REQUIRED ACTION: In your copy, each record should read exactly as it does below, and no pictures should be present.

RECORDS SUPPLIED:
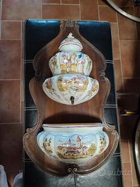Cerchi un pezzo d’arredo che unisca arte, storia e funzionalità? Questa fontana da parete in ceramica dipinta a mano è un autentico gioiello vintage, composto da tre elementi montati su una tavola in legno intagliato. Ogni contenitore raffigura scene rurali europee con paesaggi, edifici e figure umane, in uno stile che richiama la tradizione ceramica italiana.
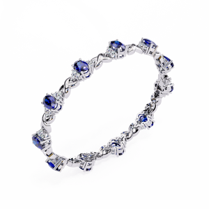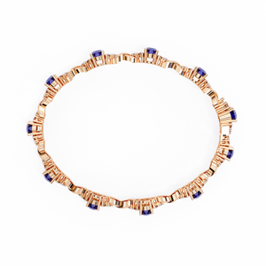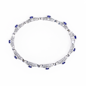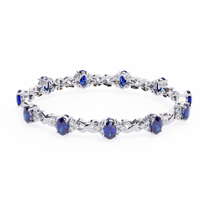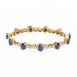 Alternating links of deep oval sapphires and sparkling round diamonds create a breathtaking symphony of color and brilliance. The intertwined 14K setting adds a touch of sophistication, making it a timeless bracelet for special occasions or refined everyday wear.
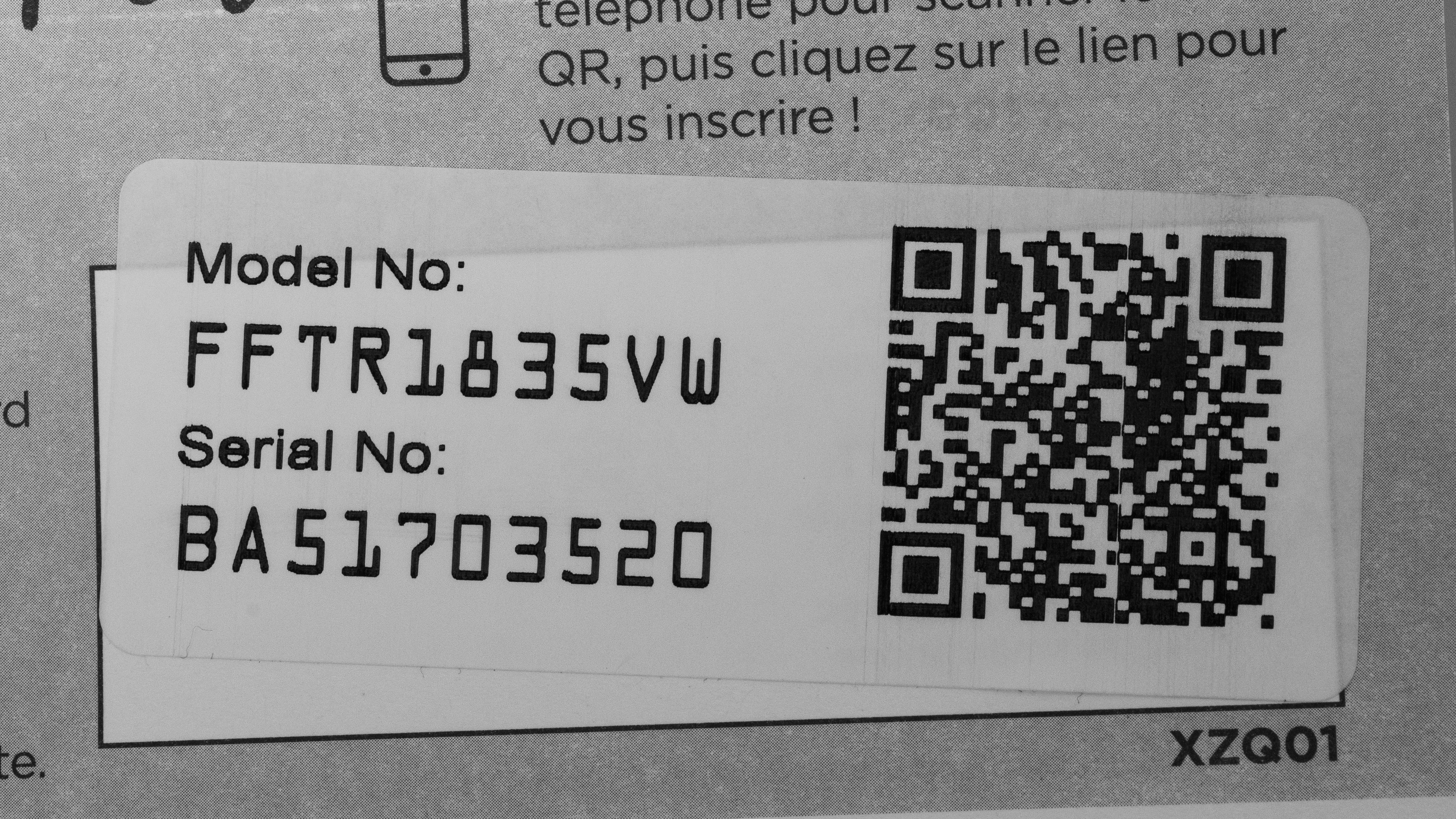 We tested the FFTR1835VW, and for those interested, here's the product label.
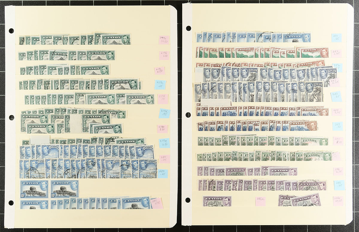 Part D: A mint and used accumulation of a short but important period in Ceylon’s philately, with the transition from King George V issues (1935-6 pictorials - noting #274 (5x mint, 9x used) and transitioning to King George VI. There are a dozen sets of the 1937 Coronation issue used. The technical King George VI pictorial issue which suffered from wartime production woes is well represented (noting: #279a, #285, #286a, #286b, multiples mint and used copies of #289 and#289A used. Generally, up to a dozen of a type. Overall condition is quite good, with only the occasional minor fault noted. Most items annotated with Scott numbers and (older) catalogue values. This is a collector’s duplicates, not a dealer’s stock, and has never been seen by the collecting community. Estimate =
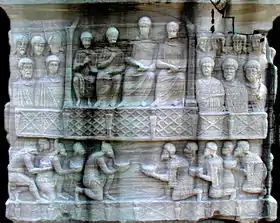 Тема варваров, оказывающих дань уважения императору, часто встречается в римских и византийских барельефах — в данном случае это лат. aurum coronarium, подношение дани. Варвары позволяли показать милосердие императора и подчеркнуть символизм его победы. На одном из двух фрагментов консульского диптиха Василия (541), хранящегося в миланской галерее Брера, представлен тот же мотив[20][21]. Он также может быть обнаружен в Константинополе, например, в основании колонны Аркадия (с аналогичной композицией) или на обелиске Феодосия на ипподроме[22]. На обелиске Феодосия десять варваров, также разделённые на две группы, сходятся к центральной фигуре императора, в данном случае сидящего величественно на троне в императорской ложе и окружённого другими августами. Слева персы, справа неопределимые западные варвары, возможно германцы или готы. Победа отсутствует на этом рельефе, но она присутствовала на утраченной части основания колонны Аркадия и на утраченном основании колонны Константина — в обоих случаях Победа находилась в центре композиции, выступая своего рода посредником между побеждёнными варварами и фигурой императора, расположенной ниже.
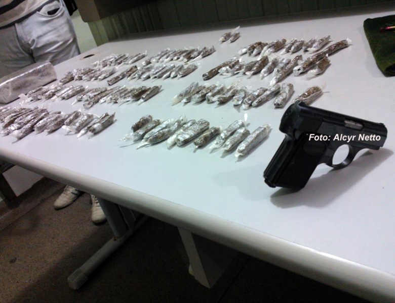 Um casal foi preso em flagrante acusado de envolvimento com o tráfico de entorpecentes e posse irregular de arma de fogo de uso permitido, na Vila Cavalcante, em Garça. Foram apreendidas 123 porções de maconha, meio tijolo pesando 470 gramas e uma pistola calibre 6.35, com dois carregadores municiados e farta munição.
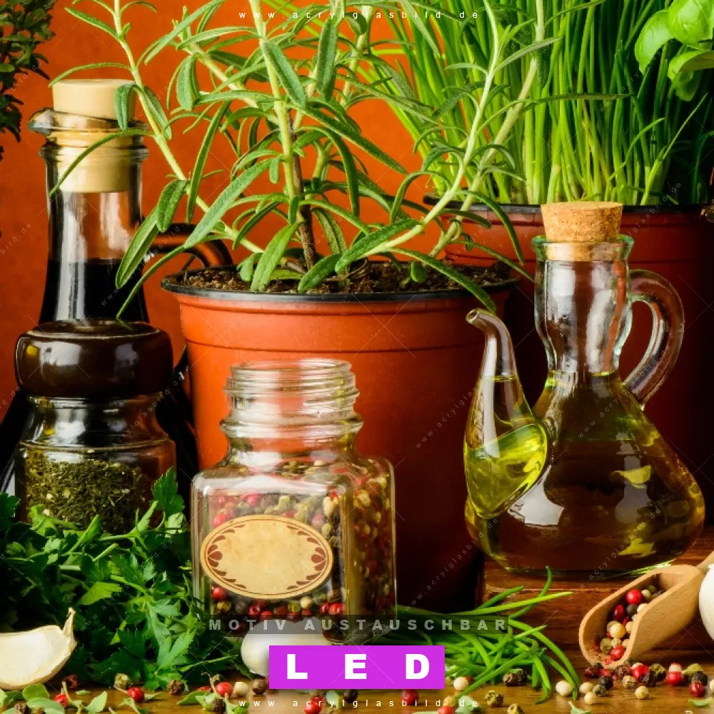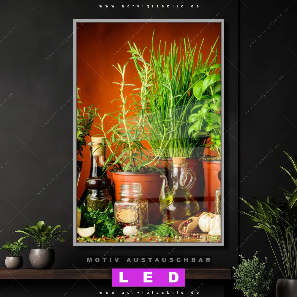 Du suchst nach einem Wandbild mit LED Beleuchtung als ultimativen Hingucker für deine Wände? Dann haben wir das perfekte dimmbare LED Bild mit Fernbedienung und optionaler Farbtemperatursteuerung für dich: unser abgefahrenes Essen - Trinken Canvalight® DIA LED Acrylglasbild! Mit dem LED Leuchtbild aus Acrylglas Stillleben mit mediterranen Kräutern im Hochformat mit austauschbarer bedruckter Acrylglas-Scheibe bringst du nicht nur Licht, sondern auch ordentlich Stil in deine Bude.
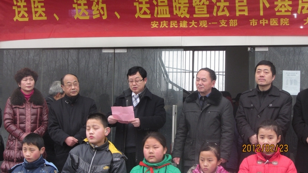 2月23日,民建安庆大观总支组织开展了赴??谡虬苍缜鸵?、送药、送温暖暨法官下基层活动。参加此次活动的领导有市政协常委、民建安庆市委会驻会副主委石再华、大观区政协副主席刘锦波、区委统战部部长周水旺、民建安庆市委会秘书长冯晓斌,区委组织部副部长何祯辉、区卫生局局长汪菁、区法院副院长李志勤、区法院关工委主任何世宏、区卫生局副局长刘东东、??谡虻澄橹闭牌艋?、区新闻中心副主任戴伟等。领导们在讲话中充分肯定了本次活动的意义,石再华副主委向广大群众介绍了民主建国会的基本情况,以及民建安庆市委会组织本次活动的意义。这次活动扩大了安庆民建对外影响。

OUTPUT:
Cerchi un pezzo d’arredo che unisca arte, storia e funzionalità? Questa fontana da parete in ceramica dipinta a mano è un autentico gioiello vintage, composto da tre elementi montati su una tavola in legno intagliato. Ogni contenitore raffigura scene rurali europee con paesaggi, edifici e figure umane, in uno stile che richiama la tradizione ceramica italiana.
 Alternating links of deep oval sapphires and sparkling round diamonds create a breathtaking symphony of color and brilliance. The intertwined 14K setting adds a touch of sophistication, making it a timeless bracelet for special occasions or refined everyday wear.
 We tested the FFTR1835VW, and for those interested, here's the product label.
 Part D: A mint and used accumulation of a short but important period in Ceylon’s philately, with the transition from King George V issues (1935-6 pictorials - noting #274 (5x mint, 9x used) and transitioning to King George VI. There are a dozen sets of the 1937 Coronation issue used. The technical King George VI pictorial issue which suffered from wartime production woes is well represented (noting: #279a, #285, #286a, #286b, multiples mint and used copies of #289 and#289A used. Generally, up to a dozen of a type. Overall condition is quite good, with only the occasional minor fault noted. Most items annotated with Scott numbers and (older) catalogue values. This is a collector’s duplicates, not a dealer’s stock, and has never been seen by the collecting community. Estimate =
 Тема варваров, оказывающих дань уважения императору, часто встречается в римских и византийских барельефах — в данном случае это лат. aurum coronarium, подношение дани. Варвары позволяли показать милосердие императора и подчеркнуть символизм его победы. На одном из двух фрагментов консульского диптиха Василия (541), хранящегося в миланской галерее Брера, представлен тот же мотив[20][21]. Он также может быть обнаружен в Константинополе, например, в основании колонны Аркадия (с аналогичной композицией) или на обелиске Феодосия на ипподроме[22]. На обелиске Феодосия десять варваров, также разделённые на две группы, сходятся к центральной фигуре императора, в данном случае сидящего величественно на троне в императорской ложе и окружённого другими августами. Слева персы, справа неопределимые западные варвары, возможно германцы или готы. Победа отсутствует на этом рельефе, но она присутствовала на утраченной части основания колонны Аркадия и на утраченном основании колонны Константина — в обоих случаях Победа находилась в центре композиции, выступая своего рода посредником между побеждёнными варварами и фигурой императора, расположенной ниже.
 Um casal foi preso em flagrante acusado de envolvimento com o tráfico de entorpecentes e posse irregular de arma de fogo de uso permitido, na Vila Cavalcante, em Garça. Foram apreendidas 123 porções de maconha, meio tijolo pesando 470 gramas e uma pistola calibre 6.35, com dois carregadores municiados e farta munição.
 Du suchst nach einem Wandbild mit LED Beleuchtung als ultimativen Hingucker für deine Wände? Dann haben wir das perfekte dimmbare LED Bild mit Fernbedienung und optionaler Farbtemperatursteuerung für dich: unser abgefahrenes Essen - Trinken Canvalight® DIA LED Acrylglasbild! Mit dem LED Leuchtbild aus Acrylglas Stillleben mit mediterranen Kräutern im Hochformat mit austauschbarer bedruckter Acrylglas-Scheibe bringst du nicht nur Licht, sondern auch ordentlich Stil in deine Bude.
 2月23日,民建安庆大观总支组织开展了赴??谡虬苍缜鸵?、送药、送温暖暨法官下基层活动。参加此次活动的领导有市政协常委、民建安庆市委会驻会副主委石再华、大观区政协副主席刘锦波、区委统战部部长周水旺、民建安庆市委会秘书长冯晓斌,区委组织部副部长何祯辉、区卫生局局长汪菁、区法院副院长李志勤、区法院关工委主任何世宏、区卫生局副局长刘东东、??谡虻澄橹闭牌艋?、区新闻中心副主任戴伟等。领导们在讲话中充分肯定了本次活动的意义,石再华副主委向广大群众介绍了民主建国会的基本情况,以及民建安庆市委会组织本次活动的意义。这次活动扩大了安庆民建对外影响。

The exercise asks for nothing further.